◆ AIM OF THE TASK: Leave out the pictures and retype, exactly, the lines below from the line with "Daly BMS Smart" up to and including the line with "7月3日(月)学校栄養教諭の", nothing more.

◆ DATA FOR PROCESSING:
----------
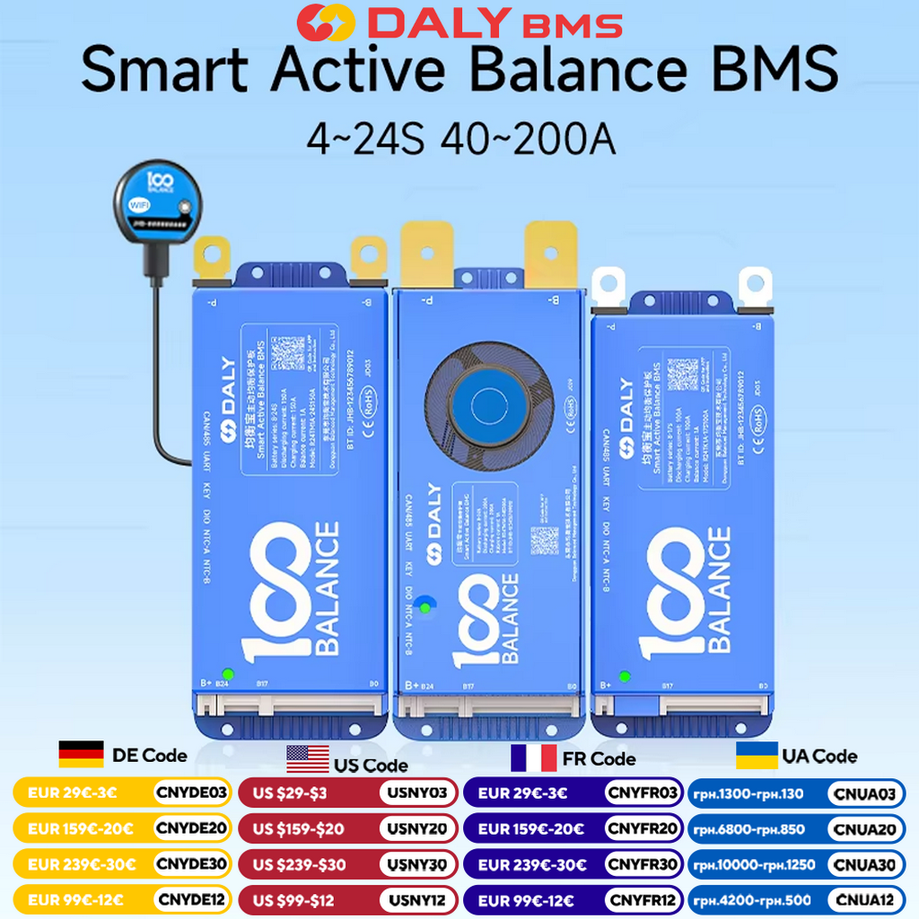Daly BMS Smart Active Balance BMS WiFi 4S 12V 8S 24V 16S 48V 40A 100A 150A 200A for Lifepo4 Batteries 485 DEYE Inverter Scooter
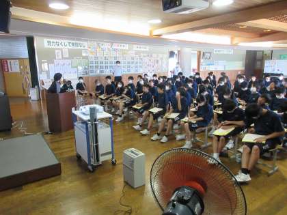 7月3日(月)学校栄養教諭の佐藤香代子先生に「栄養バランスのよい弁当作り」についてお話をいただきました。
----------
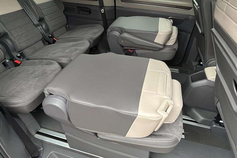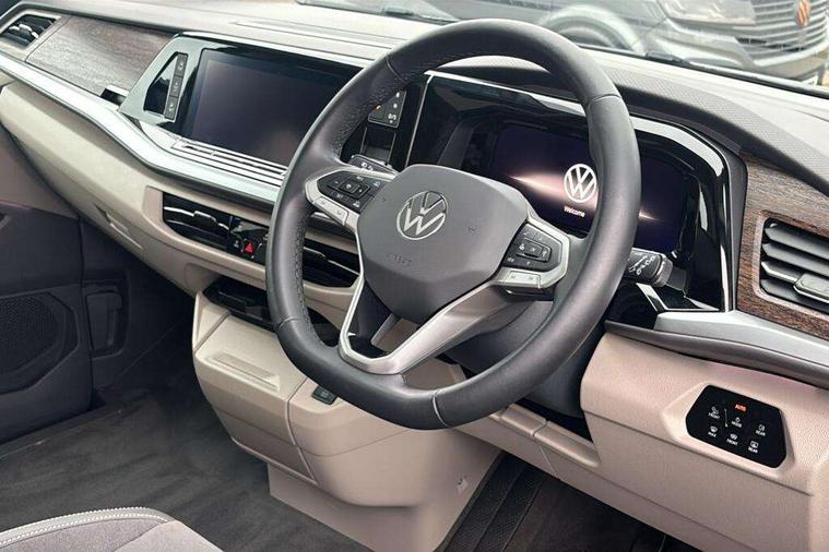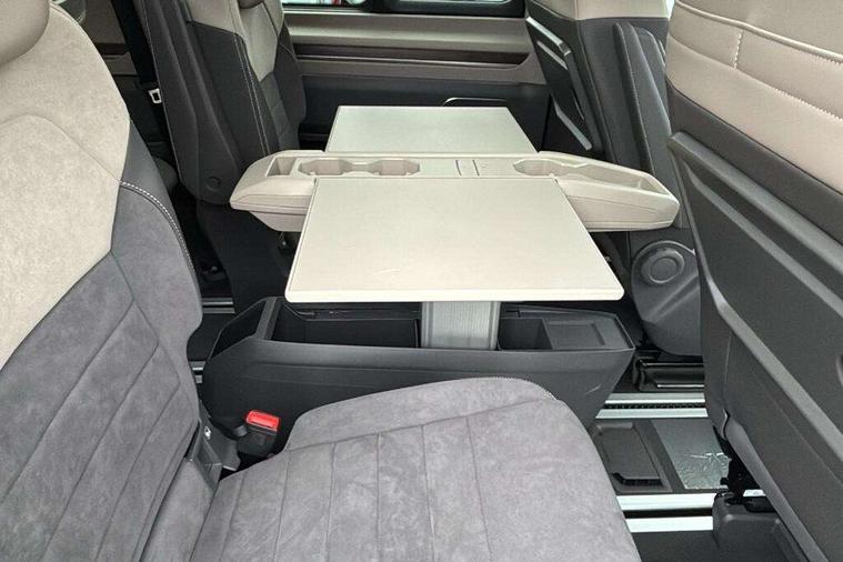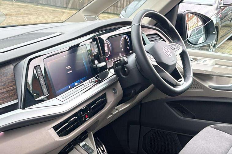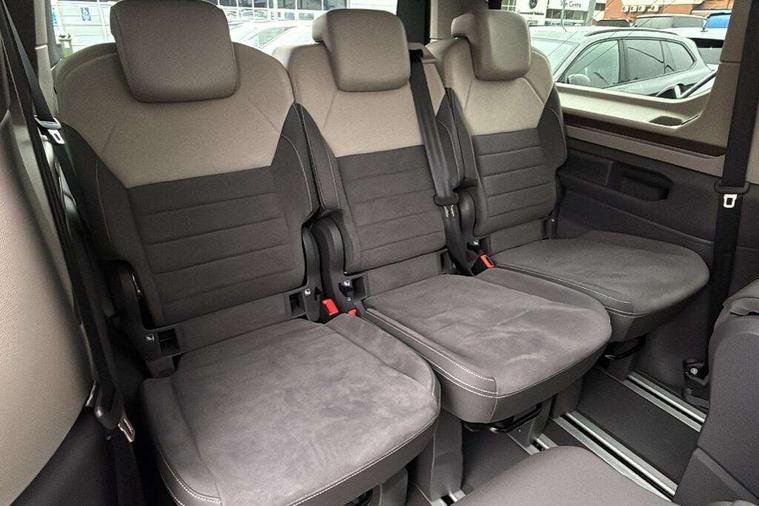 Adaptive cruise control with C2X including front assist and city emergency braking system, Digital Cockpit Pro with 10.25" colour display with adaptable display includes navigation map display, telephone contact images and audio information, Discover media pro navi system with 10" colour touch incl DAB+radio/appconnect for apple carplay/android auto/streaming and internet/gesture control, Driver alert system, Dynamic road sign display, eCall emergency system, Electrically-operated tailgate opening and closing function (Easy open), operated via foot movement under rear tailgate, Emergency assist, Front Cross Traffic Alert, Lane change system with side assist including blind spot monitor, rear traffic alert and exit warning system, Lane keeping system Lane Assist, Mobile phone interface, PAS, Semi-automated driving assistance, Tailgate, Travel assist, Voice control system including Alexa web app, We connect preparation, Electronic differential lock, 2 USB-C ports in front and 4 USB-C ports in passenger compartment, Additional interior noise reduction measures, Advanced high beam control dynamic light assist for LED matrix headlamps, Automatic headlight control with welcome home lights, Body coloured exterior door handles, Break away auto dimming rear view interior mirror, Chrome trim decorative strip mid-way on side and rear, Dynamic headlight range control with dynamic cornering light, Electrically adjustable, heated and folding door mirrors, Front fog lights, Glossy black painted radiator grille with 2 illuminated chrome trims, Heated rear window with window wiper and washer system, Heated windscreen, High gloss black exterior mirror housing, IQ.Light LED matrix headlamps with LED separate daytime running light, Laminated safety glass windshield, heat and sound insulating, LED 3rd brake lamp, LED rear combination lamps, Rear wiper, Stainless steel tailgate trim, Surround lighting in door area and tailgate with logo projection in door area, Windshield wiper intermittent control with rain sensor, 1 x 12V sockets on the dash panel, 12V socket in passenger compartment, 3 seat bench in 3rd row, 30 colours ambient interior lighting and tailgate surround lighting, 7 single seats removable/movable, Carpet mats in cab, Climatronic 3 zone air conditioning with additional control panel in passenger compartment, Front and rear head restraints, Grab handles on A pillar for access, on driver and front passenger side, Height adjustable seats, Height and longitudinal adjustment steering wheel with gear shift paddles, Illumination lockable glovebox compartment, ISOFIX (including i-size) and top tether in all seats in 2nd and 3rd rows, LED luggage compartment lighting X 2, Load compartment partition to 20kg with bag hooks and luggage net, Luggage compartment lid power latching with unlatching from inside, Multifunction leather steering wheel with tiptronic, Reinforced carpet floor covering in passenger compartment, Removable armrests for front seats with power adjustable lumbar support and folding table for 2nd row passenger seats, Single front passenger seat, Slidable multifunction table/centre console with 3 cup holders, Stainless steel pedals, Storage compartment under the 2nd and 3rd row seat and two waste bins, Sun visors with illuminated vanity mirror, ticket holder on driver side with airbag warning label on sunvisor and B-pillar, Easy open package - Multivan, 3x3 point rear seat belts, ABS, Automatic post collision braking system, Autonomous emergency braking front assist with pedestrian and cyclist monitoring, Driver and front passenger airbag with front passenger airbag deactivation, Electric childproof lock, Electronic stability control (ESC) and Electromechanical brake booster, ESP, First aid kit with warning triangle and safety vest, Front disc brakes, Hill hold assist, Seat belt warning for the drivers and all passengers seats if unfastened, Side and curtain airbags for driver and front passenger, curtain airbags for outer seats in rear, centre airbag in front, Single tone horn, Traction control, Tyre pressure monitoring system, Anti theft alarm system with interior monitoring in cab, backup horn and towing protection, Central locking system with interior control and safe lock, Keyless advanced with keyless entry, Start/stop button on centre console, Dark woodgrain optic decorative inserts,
----------
◆ RESPONSE FOR THIS EXERCISE:
Daly BMS Smart Active Balance BMS WiFi 4S 12V 8S 24V 16S 48V 40A 100A 150A 200A for Lifepo4 Batteries 485 DEYE Inverter Scooter
 7月3日(月)学校栄養教諭の佐藤香代子先生に「栄養バランスのよい弁当作り」についてお話をいただきました。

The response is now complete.